The Italian luxury house BRUNELLO CUCINELLI The company closed 2025 with growing results and stable profitability, confirming the solidity of its development model. Net profit reached €142 million, up 10,5% from the previous year, with a 10,1% margin on revenue, in line with 2024.
The board of directors will propose to the shareholders' meeting on April 23rd the distribution of a dividend of €1,04 per share, corresponding to a 50% payout. In terms of revenue, the group recorded €1,408 billion, up 11,5% at constant exchange rates and 10,1% at current exchange rates, supported by widespread and balanced demand across markets and distribution channels.
From an operating perspective, adjusted profit reached €235,9 million, an increase of 11,4% compared to €211,7 million in 2024. Operating margin improved from 16,6% to 16,8%. This figure excludes an extraordinary provision of €8,1 million for potential losses on trade receivables from Saks Global Holdings LLC, following the U.S. group's voluntary initiation of Chapter 11 reorganization proceedings.
Taking this provision into account, operating profit stood at €227,8 million, up 7,6% year-on-year, with a margin of 16,2%.
During the financial year, the company incurred capital expenditures of €146,2 million, equal to 10,4% of revenues, a level described by management as extraordinary. This financial commitment, combined with the distribution of €68,8 million in dividends, contributed to a net debt of €198,4 million at the end of 2025.
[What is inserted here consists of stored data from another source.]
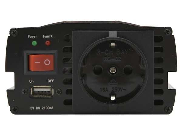 Výstup měniče je osazen běžnou zásuvkou 230V evropského typu pro spotřebiče bez zemnícího kolíku tj "dvoukolíková" zástrčka. Navíc je k dispozici USB zásuvka, vhodná pro MP3 přehrávače, mobilní telefony a další zařízení, která se nabíjejí, či napájejí běžným USB zdrojem 5V až do příkonu 2100mA.
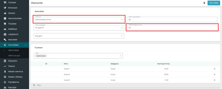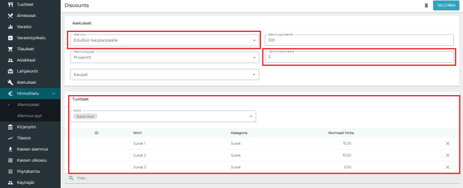 Lopuksi syötetään tuotteet, joita alennus koskee. Tuotteita on mahdollista valita yksittäin tai kategorioittain. Esimerkissä on valittu kolme yksittäistä tuotetta, jotka kuitenkin kuuluvat samaan kategoriaan. Esimerkin pakettikooksi on määritelty kaksi, joten alennus annetaan, kun kaksi kolmesta alennukseen kuuluvasta tuotteesta on lisätty kuitille. Kuten muissakin kampanjatyypeissä, tässäkin voidaan valita tuotteista tietyt koot, jotka oikeuttavat alennukseen.
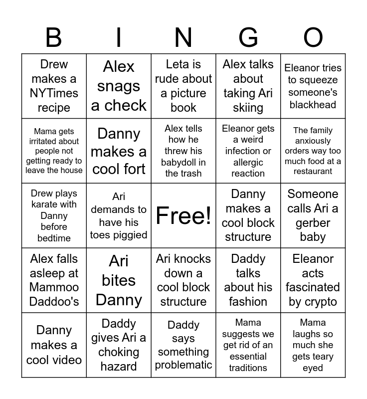 This bingo card has a free space and 24 words: Ari bites Danny, Daddy gives Ari a choking hazard, Alex tells how he threw his babydoll in the trash, Danny makes a cool video, Eleanor tries to squeeze someone's blackhead, Drew makes a NYTimes recipe, Mama gets irritated about people not getting ready to leave the house, Alex snags a check, Danny makes a cool block structure, Ari knocks down a cool block structure, Eleanor gets a weird infection or allergic reaction, Drew plays karate with Danny before bedtime, Daddy talks about his fashion, Eleanor acts fascinated by crypto, Danny makes a cool fort, Mama suggests we get rid of an essential traditions, Someone calls Ari a gerber baby, Leta is rude about a picture book, The family anxiously orders way too much food at a restaurant, Ari demands to have his toes piggied, Mama laughs so much she gets teary eyed, Alex falls asleep at Mammoo Daddoo's, Alex talks about taking Ari skiing and Daddy says something problematic.

Executive Chairman and Chief Creative Officer BRUNELLO CUCINELLI He described the year just ended as "solid and balanced," emphasizing how financial results and international recognition strengthen future growth prospects. According to the founder, global markets are showing healthy and balanced development, with brands increasingly distinct in their identity and positioning.
The start of the new financial year confirms a positive sales trend across all geographic regions. Order intake for the Fall/Winter 2026 men's and women's collections has been well received by buyers, international press, and the retail network, fueling expectations of revenue growth of around 10% in 2026 as well, coupled with sustainable profitability.
For the coming years, the group also expects a progressive improvement in its financial position, supported by a return to normal investment levels following the early completion of the strategic plan dedicated to the development of Made in Italy artisanal production.